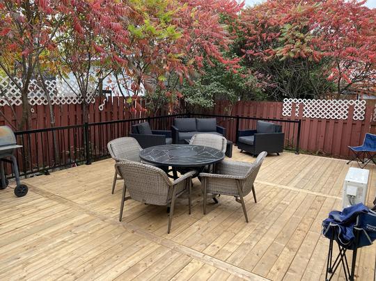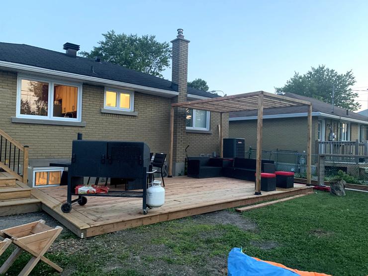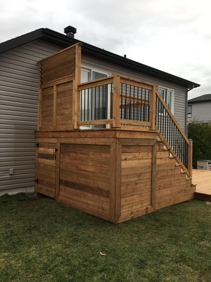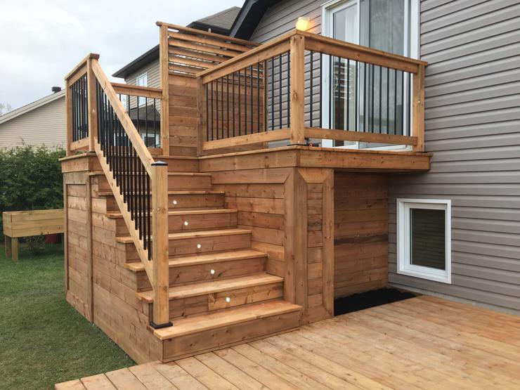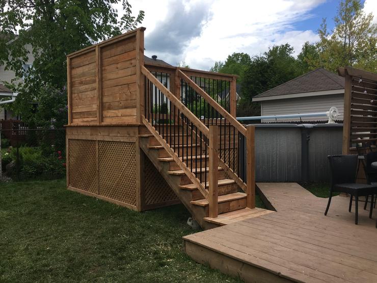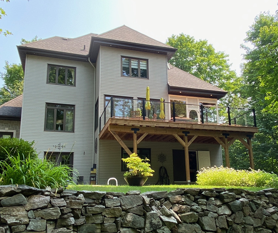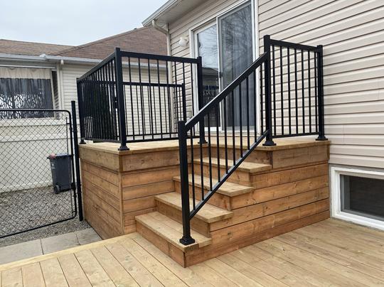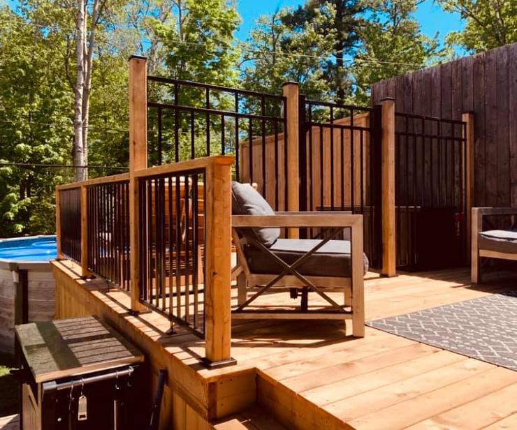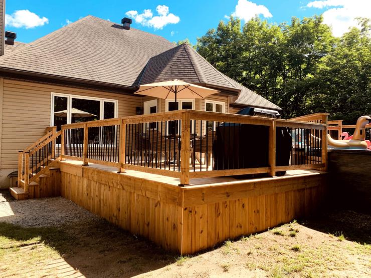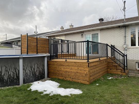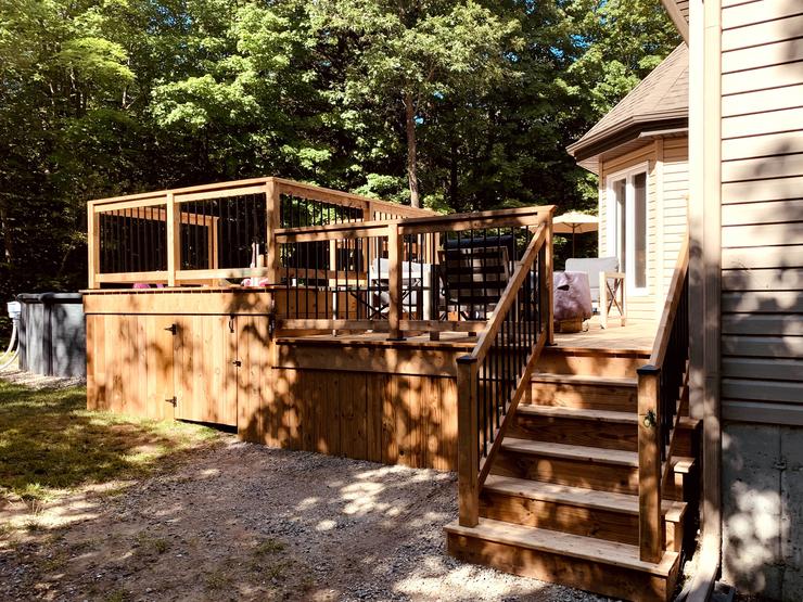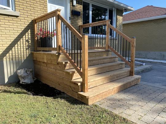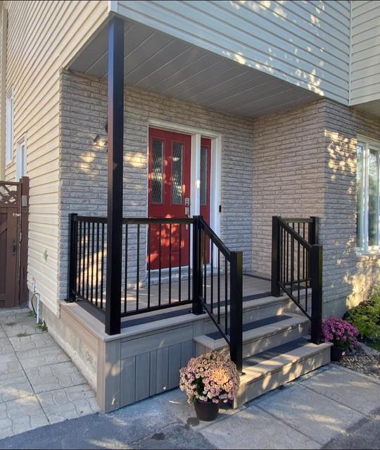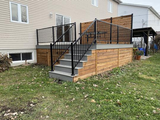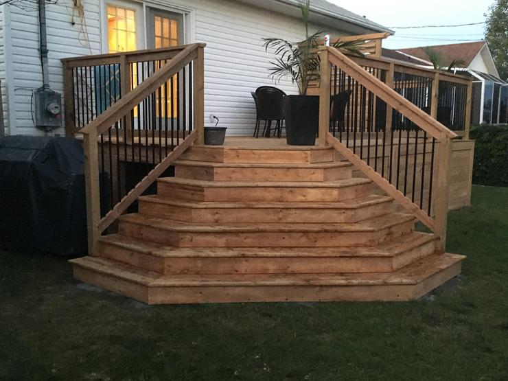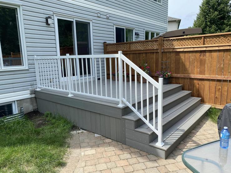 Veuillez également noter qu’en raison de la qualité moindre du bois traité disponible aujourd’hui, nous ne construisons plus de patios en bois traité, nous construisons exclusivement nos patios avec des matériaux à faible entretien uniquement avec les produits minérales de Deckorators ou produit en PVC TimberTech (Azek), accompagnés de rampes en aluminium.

==

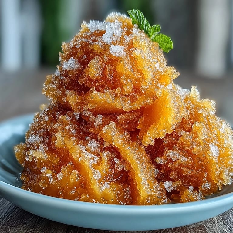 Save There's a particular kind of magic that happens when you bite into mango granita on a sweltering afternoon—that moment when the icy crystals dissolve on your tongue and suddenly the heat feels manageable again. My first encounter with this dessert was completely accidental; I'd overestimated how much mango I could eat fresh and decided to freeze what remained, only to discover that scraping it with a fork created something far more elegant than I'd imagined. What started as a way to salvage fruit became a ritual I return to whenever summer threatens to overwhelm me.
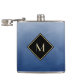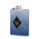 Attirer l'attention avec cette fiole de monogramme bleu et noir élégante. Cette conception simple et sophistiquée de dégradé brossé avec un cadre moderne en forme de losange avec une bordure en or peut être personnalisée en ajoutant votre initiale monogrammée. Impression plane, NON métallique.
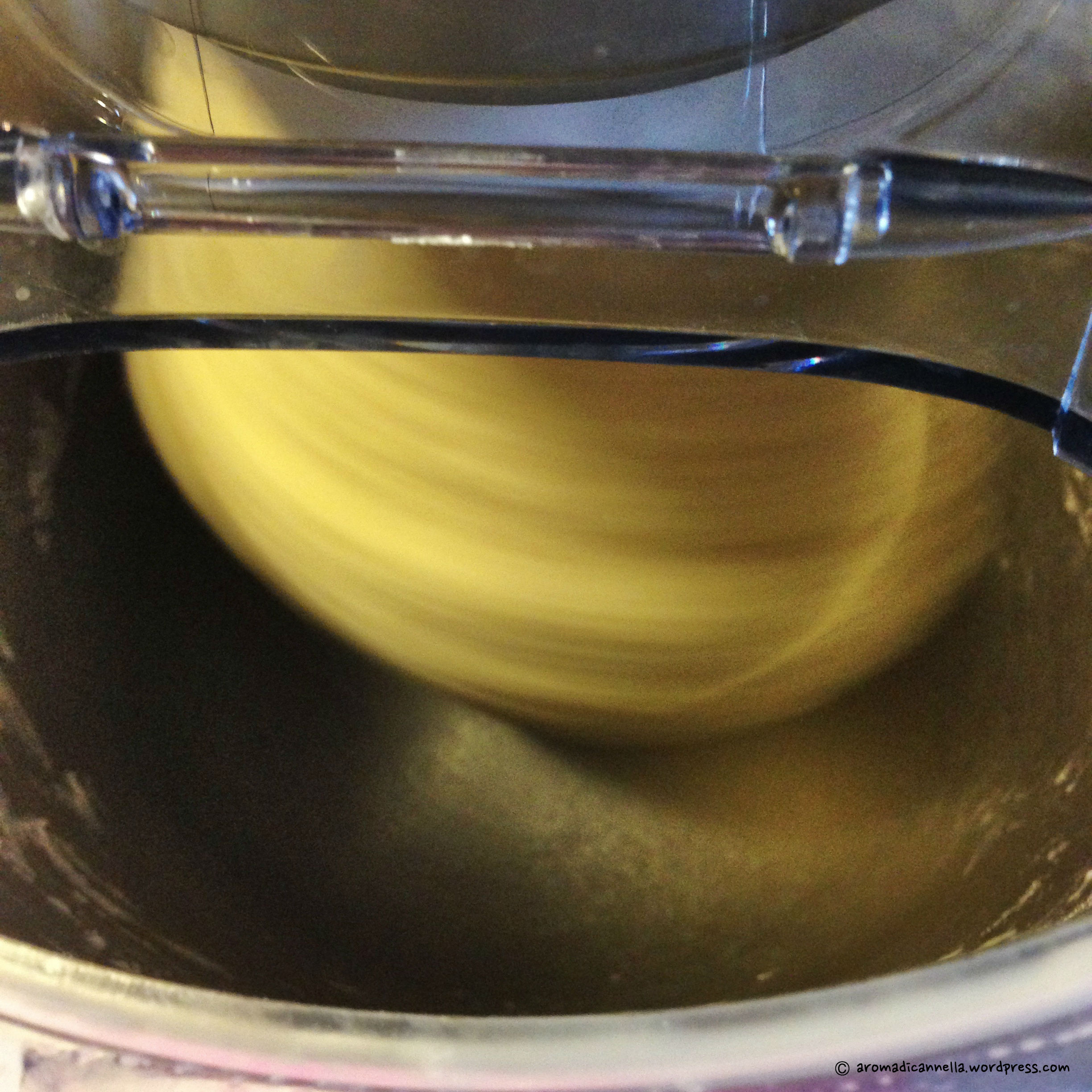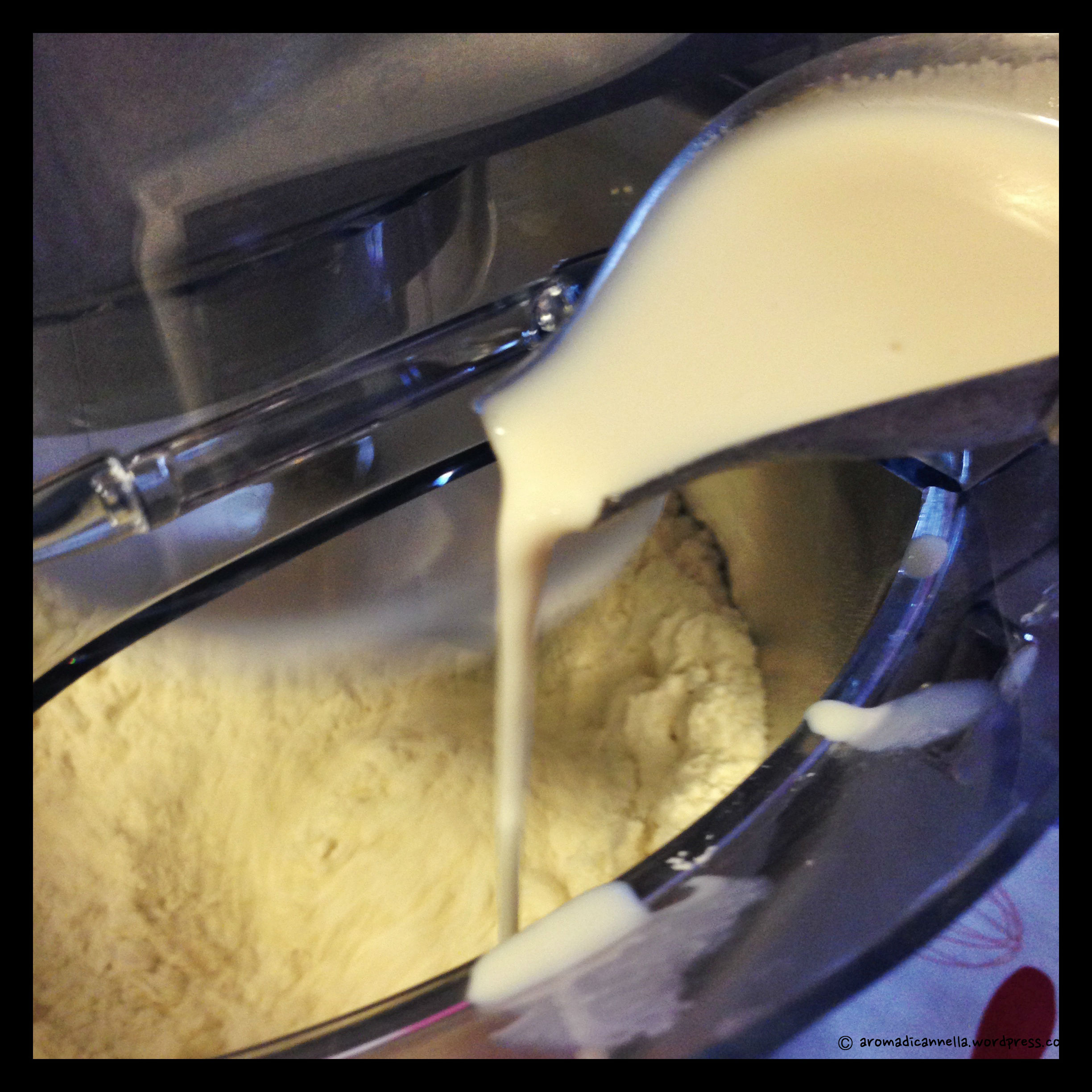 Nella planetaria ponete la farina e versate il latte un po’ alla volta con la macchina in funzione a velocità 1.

==

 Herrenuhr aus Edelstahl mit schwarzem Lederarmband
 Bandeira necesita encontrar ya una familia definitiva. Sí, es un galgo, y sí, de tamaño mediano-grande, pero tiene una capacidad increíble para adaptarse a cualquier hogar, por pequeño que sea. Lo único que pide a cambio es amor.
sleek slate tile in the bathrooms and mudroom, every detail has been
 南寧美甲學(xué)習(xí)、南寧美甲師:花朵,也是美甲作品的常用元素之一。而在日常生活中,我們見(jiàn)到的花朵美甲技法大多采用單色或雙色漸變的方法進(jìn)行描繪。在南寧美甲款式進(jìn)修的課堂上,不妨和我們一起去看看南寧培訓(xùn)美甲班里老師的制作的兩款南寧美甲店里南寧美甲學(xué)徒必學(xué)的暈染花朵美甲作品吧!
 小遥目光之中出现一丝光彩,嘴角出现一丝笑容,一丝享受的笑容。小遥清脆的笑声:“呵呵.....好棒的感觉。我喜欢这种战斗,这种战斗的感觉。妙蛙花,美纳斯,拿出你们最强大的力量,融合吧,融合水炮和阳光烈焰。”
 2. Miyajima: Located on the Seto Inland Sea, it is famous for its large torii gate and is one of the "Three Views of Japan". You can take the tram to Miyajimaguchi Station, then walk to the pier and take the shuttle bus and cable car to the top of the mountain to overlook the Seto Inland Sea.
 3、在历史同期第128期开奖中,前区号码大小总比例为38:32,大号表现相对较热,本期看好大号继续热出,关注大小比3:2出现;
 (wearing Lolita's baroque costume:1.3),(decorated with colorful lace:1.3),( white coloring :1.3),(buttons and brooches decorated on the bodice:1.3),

**TASK DETAILS:**
From the records above, quote only the lines running from the line with "3、在历史同期第128期开奖" to the line with "(wearing Lolita's baroque", both lines included.

**TASK ANSWER:**
 3、在历史同期第128期开奖中,前区号码大小总比例为38:32,大号表现相对较热,本期看好大号继续热出,关注大小比3:2出现;
 (wearing Lolita's baroque costume:1.3),(decorated with colorful lace:1.3),( white coloring :1.3),(buttons and brooches decorated on the bodice:1.3),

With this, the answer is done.